By Mathieu Galtier.
Tripoli, 24 January 2013:
Nearly two years after the beginning of the Revolution, the Libyan authorities want a united army. . . .[restrict]The success of that depends on one main issue, turning thuwars into regular, proper soldiers. The first training centre was set up at Zawia, 45 kilometres west of Tripoli, in November 2011. The will is strong but the lack of means is great.
Fifty hectares and almost nothing on them: weeds, rubbish on the ground, a cracked court on which soldier apprentices learn how to parade, and green painted buildings. The military camp does not look fancy, but it is a symbol of the new Libya. It is here that the first thuwars received their two-month training to be officially considered as soldiers of the Libyan army. So far, about 2,600 soldiers have been “graduated”.
General Mustafa Salah Hussein Al-Mazouri is the head of Zawia camp. He defected from the Qaddafi army to join the revolution. During the first weeks, he used to learn how to handle weapons such as AK47s and RPGs. “But the time of thuwars is over now, the country needs to unify the army”, General Al-Mazouri says.
“Being a soldier is easy”
Since the end of the revolution, security in Libya has largely been enforced by the thuwar brigades. Some, however, have been accused of creating disorders and pursuing their own interests rather than in those of Libya. The task of the training camp has thus been to “make civilians reliable soldiers”, Masouri points out. Sixty-five trainers are working to fulfill this mission.
The trainee is subject to a strict timetable. The day starts with a one-hour parade at 6.30 am. After breakfast, there is marching for another hour. In the afternoon, he has shooting lessons and then takes part in team sports such as football or basketball to consolidate team spirit.
Every Thursday, an eight-kilometre race is organised. The winner receives a diploma. “It is very important for the men and their families. It shows that the army is paying attention to the individual and so the army deserves to have his attention”, Mazouri explains. These activities seem rather easy for thuwars who experienced appalling living conditions during the liberation struggle. “Nothing is difficult in the training camp. I left my wife and my four children to fight Qaddafi. During the revolution, I couldn’t sleep. I spent seven months without sleeping. So, being a soldier is easy”, Marwan Mohamed Mordiya tells the Libya Herald.
Advices from a sheikh
The head of the training camp knows the specific backgrounds of the men. He prefers to lay stress on other more atypical subjects taught in his “school”. Once a week, a sheikh comes to talk and gives advices to thuwars. “He teaches them that Islam and the Quran say it is a duty to protect their country”, the general says. Above all, the “students” have to know military law. Before the war, the rebels were rank-and-file civilians. Most of them had not even a job when they decided to join the revolution. “When they arrive at the camp, they know how to use pistols, rifles and, some of them, heavy weapons. But they know nothing about military discipline and the rules of the army”, Ali Baaby details. The 55-year-old former army officer is now a professor of discipline. Thus, before using guns, the soldier-to-be has to write down all the pieces of the gun and the steps to dismantle it.
3.30pm, end of the day
At 3.30pm, it is briefing time. The officials note the absences, those who are sick, and others who for whatever reason are not there. The training camp has a major failing: there are no dormitories. There were destroyed by NATO and not replaced. As a result, the thuwars are free until 6.30 am the next day or later. Those who lived outside Zawia have the permission to arrive at 7.30 am. Definitively, not the best way to instill in minds the discipline. What happen to those who are absent? Nothing. The training camp imposes no sanction. Those in charge prefer to support those who are take part rather than penalise the bad elements.

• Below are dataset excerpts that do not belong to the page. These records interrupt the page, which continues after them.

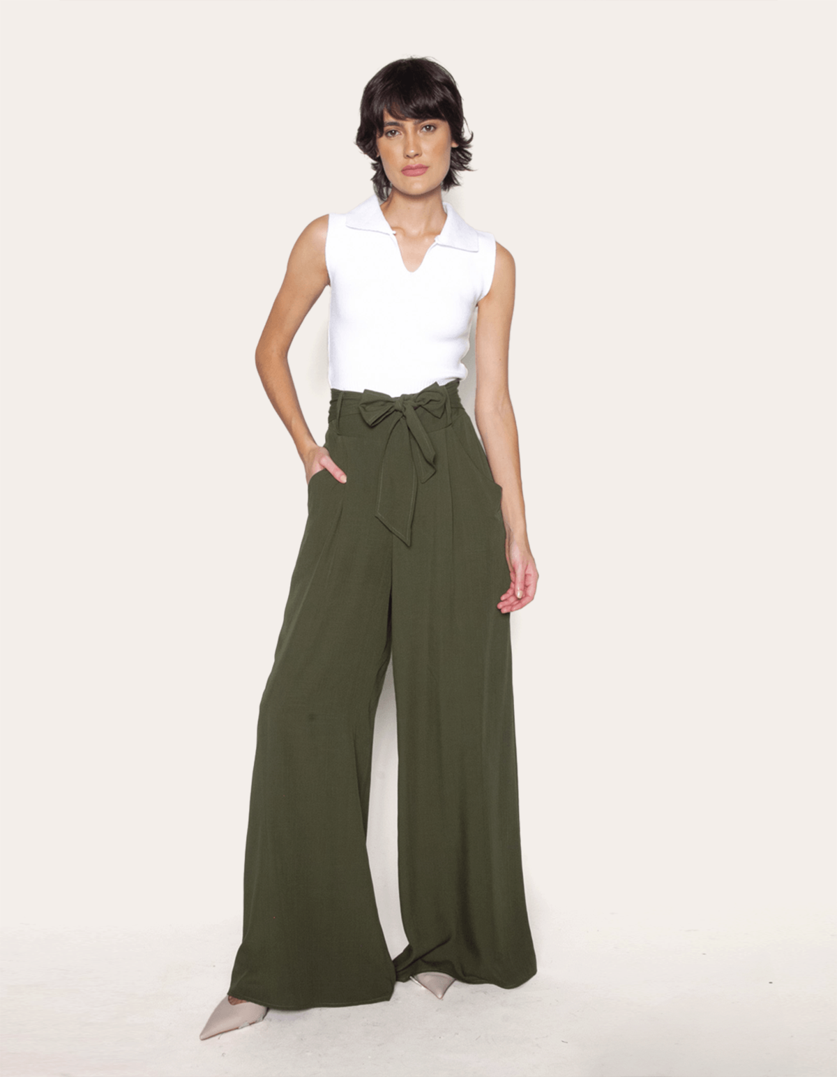 Apresentamos uma calça pantalona de cintura alta com faixa para amarrar, bolsos e elástico no cós na parte de trás. esta peça combina estilo e funcionalidade, permitindo ajuste personalizado com a faixa e garantindo conforto com o elástico. os bolsos laterais acrescentam praticidade ao design. ideal para ocasiões casuais ou especiais, oferecendo um visual contemporâneo com máximo conforto.
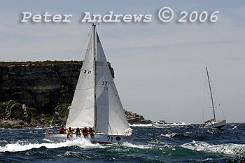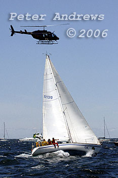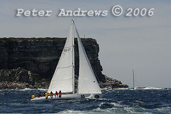 Alex Whitworth's Brolga 33 "Berrimilla" at the foot of North Head after the start of the 2006 Rolex Sydney to Hobart Yacht Race.
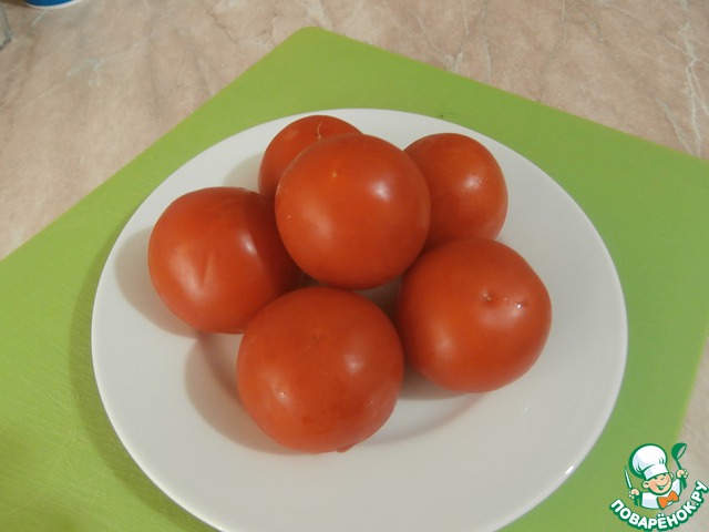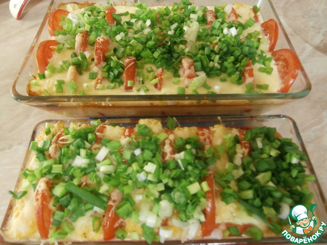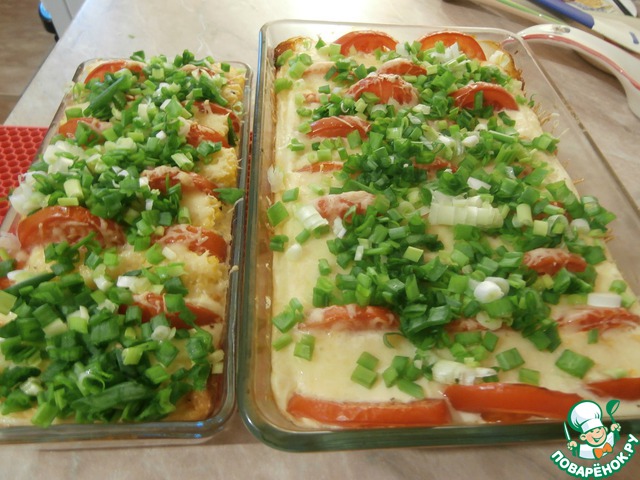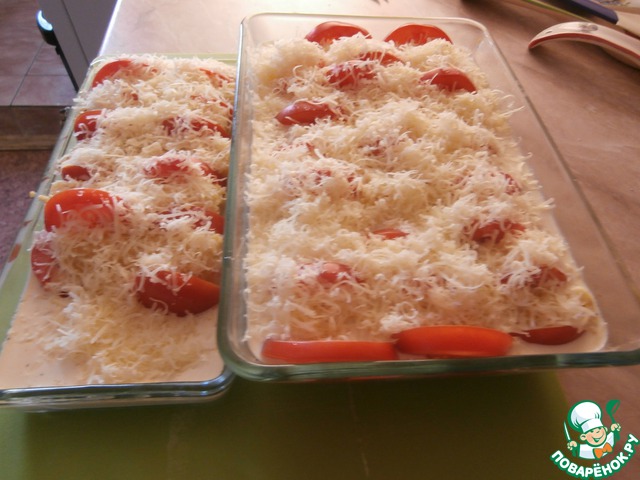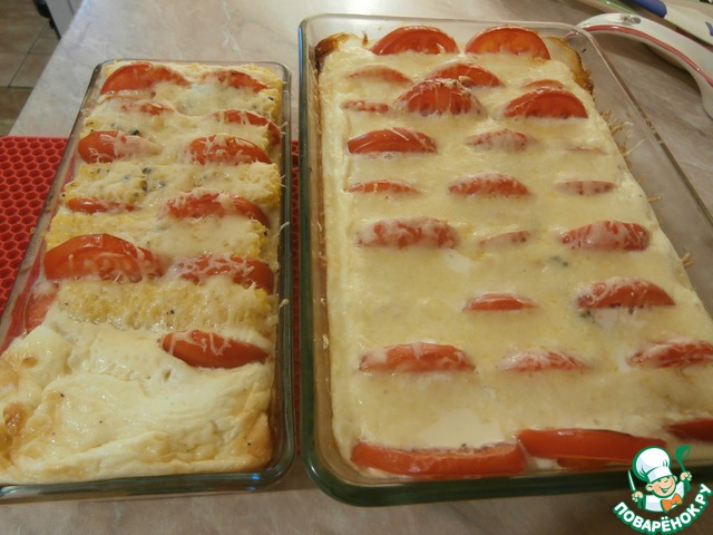 Вам придётся вынуть несколько кусочков поленты, т. к. их место займут дольки помидоров. Для этого я специально приготовил ещё одну форму для запекания, размером поменьше.

Moreover, the camp received many more applications than it can cope with. Candidates have to be Libyan citizens, male, aged between 18 and 45, and have to bring a letter from a truthful witness that he was a thuwar or, at least, he did not fight for Qaddafi’s army during the revolution. After the two month training course, he has two choices: enter the military — either the navy, army or air force) or to return to civilian life. But if the latter, they remain reserve soldiers, so the army can call them up when needed.
Thuwars use their own guns
Ahmed Mohamed Ahmed decided to join the army after his training. Under the former regime, despite being a graduate, he had no job. For him, becoming a soldier after training was the obvious choice, especially as a soldier is paid some LD 1,000 monthly (LD 600 during the training) and he has bonuses such as insurance for all his family. However, Ahmed plans to quit as soon as he works out what he really wants to do.
Prime Minister Ali Zeidan says that security is “top priority” and that thuwars should join the army. General Mustafa Salah Hussein Al-Mazouri agrees with this. But so far, he has received no help to modernise his training camp. It is reported that those in charge have even had to ask the thuwars to bring their own guns for shooting practice because there are insufficient at the camp.
Right now, the centre has no trainees. General Mustafa Salah Hussein Al-Mazouri is waiting the government gives him the authorisation. In one year and two months, the camp has welcomed though its gates just three groups with a total of 2,600 trainees.
The National Liberation Army had 64,000 thuwars during the revolution.